# TRY IT
Keep the pictures out of the copy and repeat the records exactly.

# RECORDS FOR THE TASK

________________________

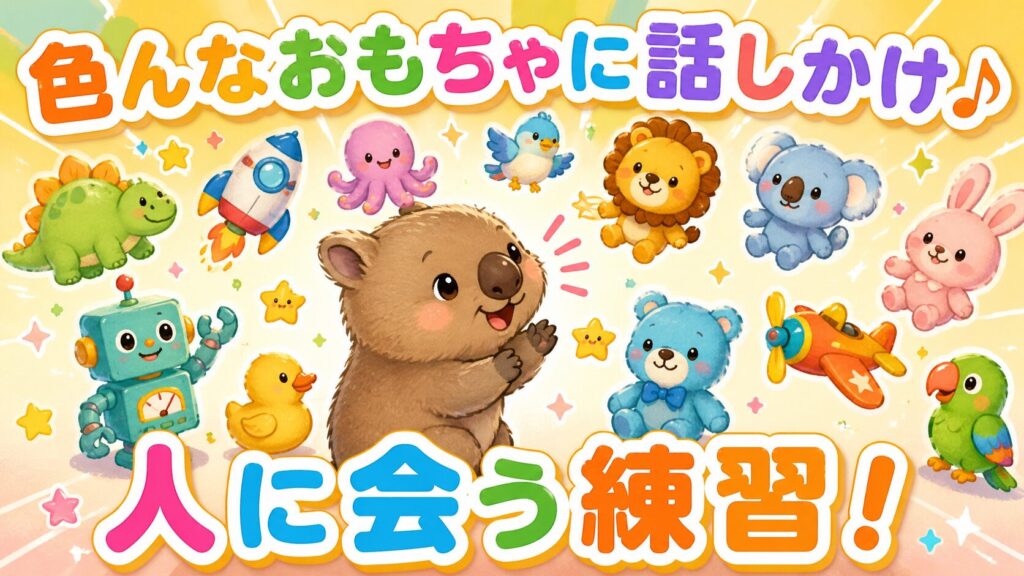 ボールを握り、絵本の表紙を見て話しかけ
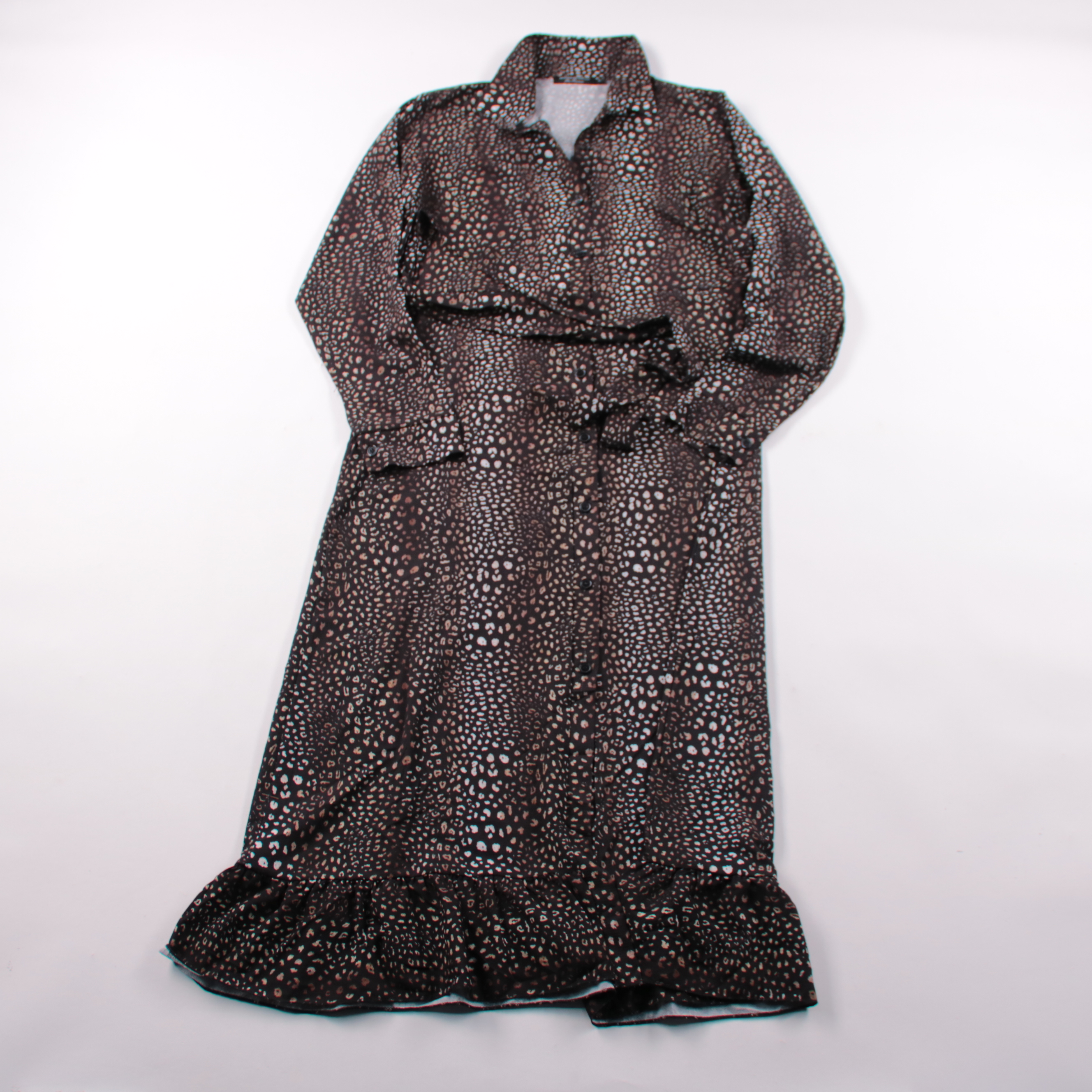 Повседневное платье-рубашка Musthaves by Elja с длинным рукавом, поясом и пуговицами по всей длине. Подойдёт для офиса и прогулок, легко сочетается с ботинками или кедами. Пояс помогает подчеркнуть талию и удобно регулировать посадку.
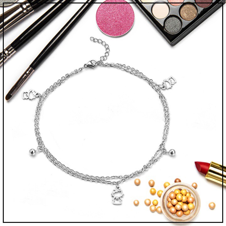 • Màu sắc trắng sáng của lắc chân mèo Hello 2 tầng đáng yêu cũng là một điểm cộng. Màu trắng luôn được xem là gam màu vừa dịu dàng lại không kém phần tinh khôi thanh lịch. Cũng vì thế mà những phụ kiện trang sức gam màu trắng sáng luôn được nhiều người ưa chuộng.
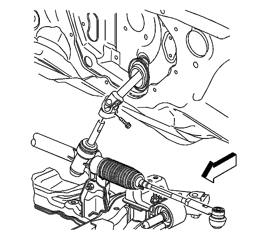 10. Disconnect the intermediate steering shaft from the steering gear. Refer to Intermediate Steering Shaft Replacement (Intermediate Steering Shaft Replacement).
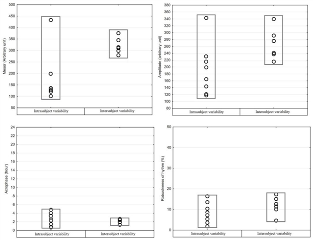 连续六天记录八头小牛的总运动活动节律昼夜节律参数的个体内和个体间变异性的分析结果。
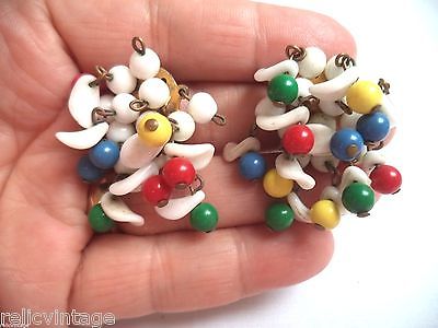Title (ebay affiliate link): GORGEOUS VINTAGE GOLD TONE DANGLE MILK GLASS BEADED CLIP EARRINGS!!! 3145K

________________________

# RESULT FOR THIS EXERCISE
 ボールを握り、絵本の表紙を見て話しかけ
 Повседневное платье-рубашка Musthaves by Elja с длинным рукавом, поясом и пуговицами по всей длине. Подойдёт для офиса и прогулок, легко сочетается с ботинками или кедами. Пояс помогает подчеркнуть талию и удобно регулировать посадку.
 • Màu sắc trắng sáng của lắc chân mèo Hello 2 tầng đáng yêu cũng là một điểm cộng. Màu trắng luôn được xem là gam màu vừa dịu dàng lại không kém phần tinh khôi thanh lịch. Cũng vì thế mà những phụ kiện trang sức gam màu trắng sáng luôn được nhiều người ưa chuộng.
 10. Disconnect the intermediate steering shaft from the steering gear. Refer to Intermediate Steering Shaft Replacement (Intermediate Steering Shaft Replacement).
 连续六天记录八头小牛的总运动活动节律昼夜节律参数的个体内和个体间变异性的分析结果。
Title (ebay affiliate link): GORGEOUS VINTAGE GOLD TONE DANGLE MILK GLASS BEADED CLIP EARRINGS!!! 3145K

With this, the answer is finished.